1. I let people’s opinions cloud my judgement – This is a huge problem. Every day I’m surrounded by fellow graduate students, professors, and mentors that are as opinionated as they are innovative. This is both a blessing and a curse. People are constantly telling me “You should do this with your future career” or “You should do that” and I tend to take those opinions to heart and lose sight of what I really want. I know that the majority of these people are telling me what they think because they care about me, they mean no harm… but I can’t let those opinions affect important decisions in my life, especially my career path.
2. I’m terrified of uncertainty – The fact that I can’t completely plan out my future scares me. I know where I would like to live and what I would like to be doing this time next year, but the reality is that I may do something completely opposite. I’m afraid that if I continue down this narrow-minded path, I could miss out on great opportunities.
3. Little things stress me out – Really, this one has gotten out of hand over the past few months. I let the most insignificant things worry me and it affects the rest of my day. Maybe this is a side-effect of graduate school, or maybe it’s because of the people I surround myself with. Maybe it’s a combination of the two… but either way, something has to change.

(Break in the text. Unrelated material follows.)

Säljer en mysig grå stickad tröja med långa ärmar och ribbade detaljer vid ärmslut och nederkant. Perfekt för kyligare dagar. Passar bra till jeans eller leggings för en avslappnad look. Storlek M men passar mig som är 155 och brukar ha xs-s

4. I take advantage of time – This is a biggie, especially when it comes to family. Recently I have fallen short on keeping in touch with family while I am in Greenville. I come up with excuses like “I’m too busy right now” or “I have something more important to do, I’ll talk to them later” instead of making a quick phone call to my parents and/or brother. Recently a family member went through a health scare that terrified all of us. Everything is fine now, but it made me realize that my family won’t be on this earth forever. Neither will my friends, and I need to make sure that I make the most of the time I’m given with them.
5. I compare myself to others on a daily basis – I know this is something that everyone struggles with, and this has become worse for me over the past year. Since I started fashion blogging, I am constantly comparing myself to other bloggers and find myself becoming jealous really quickly. The reality is that there are a lot of women out there who have been in the game for much longer than I have, and I must remember this when I feel envious of someone else.

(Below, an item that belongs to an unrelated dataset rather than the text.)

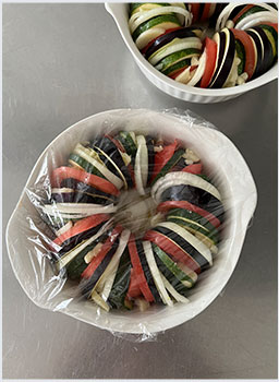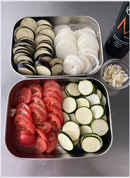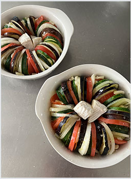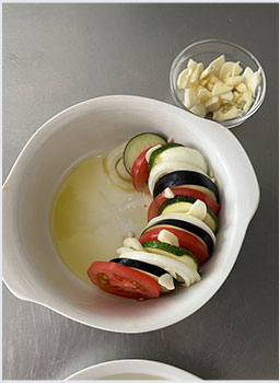 1人分のグラタン皿にオリーブオイル大さじ1/2程度を引き、その上にスライスした野菜を写真のように交互に縁に沿わせながら並べていく。時々にんにくを挟み込む。

With that being said, I thought long and hard about things that need to change and compiled a list of reminders to myself for the present and future:
1. Learn to accept constructive criticism. Appreciate the opinions that are helpful and cast aside the ones that are purely hurtful.
2. Don’t be afraid of the unknown! Life is all about taking chances and experiencing new things. I’m 22 years old and have my entire life ahead of me. I need to enjoy doing the things I love now and worry about planning for the rest of my life later.
3. Don’t sweat the small stuff, it’s simply not worth the time. I have to accept that some things are completely out of my control and aren’t worth worrying about.
4. Make the most of time with family and friends, even if they are far away. Whether that’s sending a text, making a call, or Facetiming, let the people you love know that you’re thinking about them.
5. Compare myself to myself instead of others. This sounds crazy, but I think it will be hugely beneficial. Instead of comparing myself to other bloggers, I must compare my present accomplishments to what I’ve done in the past. A week from now I should ask myself, “What have I done in the past week to make my blog better? What can I improve? What do I want to accomplish in the next few days? Etc etc etc.” Tracking my goals in this way allows for exponential growth and a stronger sense of appreciation as to how far I’ve come. Let’s be honest, comparing yourself to others will only lead to disappointment and jealousy. Why continue down that path?
Most of all, it’s important to enjoy life and appreciate everything that I have. Nothing is certain in this world, so don’t be afraid to make mistakes, love unconditionally, and face the unknown with open arms.